The past few weeks I have been reading my favorite series of books. They're called the Tennis Shoes Adventure Series. There are 11 total so far. The series revolves around a family of Latter-day Saints and the adventures they share and how it brings them closer to the Lord and helps them grow in the Gospel.
I was reading through them and in the 7th book in the series, I read something that I just thought was really interesting and I wanted to share it.
The book is called The Golden Crown and it's written by Chris Heimerdinger.
The prologue reads:
"The two worlds weren't so very different, you know. That is, the world of our Savior in the first century, and the world of Joseph Smith in the nineteenth. . .
It's actually astonishing how similar the two time periods were. Though separated by eighteen hundred years, the technology was almost identical. The daily lives and routines of the people were, for all practical purposes, mirror images of each other. Both depended on horse, carriage, and foot for transportation. Houses were heated by wood, coal, and dung. Water was fetched from wells, unless, like for certain wealthy Romans, it was piped into your home from the local aqueduct. Both had stock markets, and international postal service, and their populations whiled away the hours reading the world's great books--many of which had exactly the same titles.
By the 1800s, the treatment of disease was still much the same as it had been in the days of Galen, the old Roman physician. many doctors still used his textbooks.
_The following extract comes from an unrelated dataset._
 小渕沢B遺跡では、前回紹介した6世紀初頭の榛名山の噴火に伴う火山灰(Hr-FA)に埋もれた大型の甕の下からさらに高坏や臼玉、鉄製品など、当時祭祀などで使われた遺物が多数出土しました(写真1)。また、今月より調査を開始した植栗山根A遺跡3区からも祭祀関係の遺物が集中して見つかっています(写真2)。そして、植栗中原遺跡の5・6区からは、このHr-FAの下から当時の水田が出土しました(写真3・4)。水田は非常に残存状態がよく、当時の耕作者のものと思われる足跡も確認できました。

Even where technological advances were obvious, like the printing press or gunpowder, Roman superiority in civil engineering more than balanced it out. The truth is, when Joseph Smith was born, the world had been struggling to reacquaint itself with Roman technology for three hundred years. By 1830, they were just about there.
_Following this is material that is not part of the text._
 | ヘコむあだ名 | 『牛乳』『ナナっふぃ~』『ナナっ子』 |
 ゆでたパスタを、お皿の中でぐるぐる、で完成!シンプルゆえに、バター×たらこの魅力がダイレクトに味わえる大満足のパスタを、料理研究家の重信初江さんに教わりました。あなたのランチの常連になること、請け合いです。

And then suddenly, overnight, technology exploded: Railroads and steam engines. Telegraphs and telephones. Automobiles and airplanes. Computers and cosmonauts. All in a little over a hundred and fifty years.
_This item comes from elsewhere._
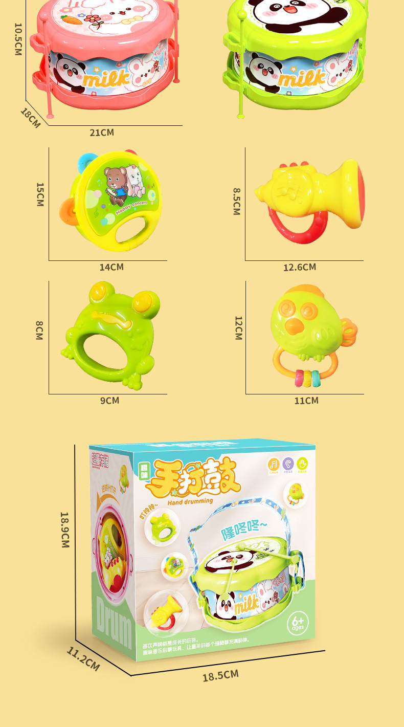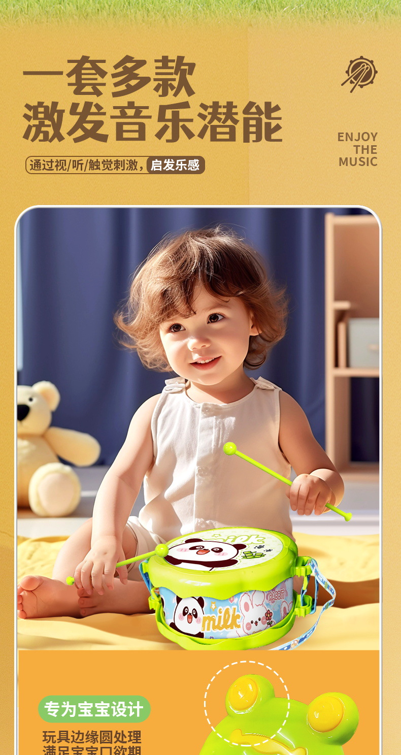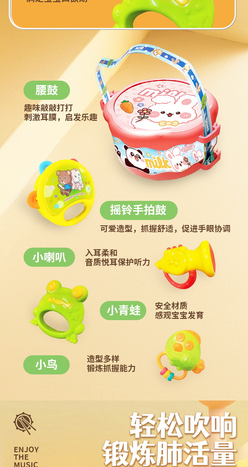 아기 장난감 퍼즐 조기 교육 어린이 장난감 딸랑이 손 드럼 뿔 아기 음악 드럼 공장 도매스토어 가기

The coincidence seems undeniable. As the Lord poured out spiritual knowledge upon the Latter-day Saints, He poured out every other kind of knowledge upon all the nations of the earth. The tow worked hand in hand, inseparable. One led to the other. After all, this is the dispensation of the fulness of times. Knowledge is knowledge. Truth is truth. . ."
So, I think that's a pretty awesome passage. My mom always told me the same thing, but I really like the way that the author writes this. It makes it all seem so sure, and so true. If you want to read the books, the series name is at the top, and they're really a good series.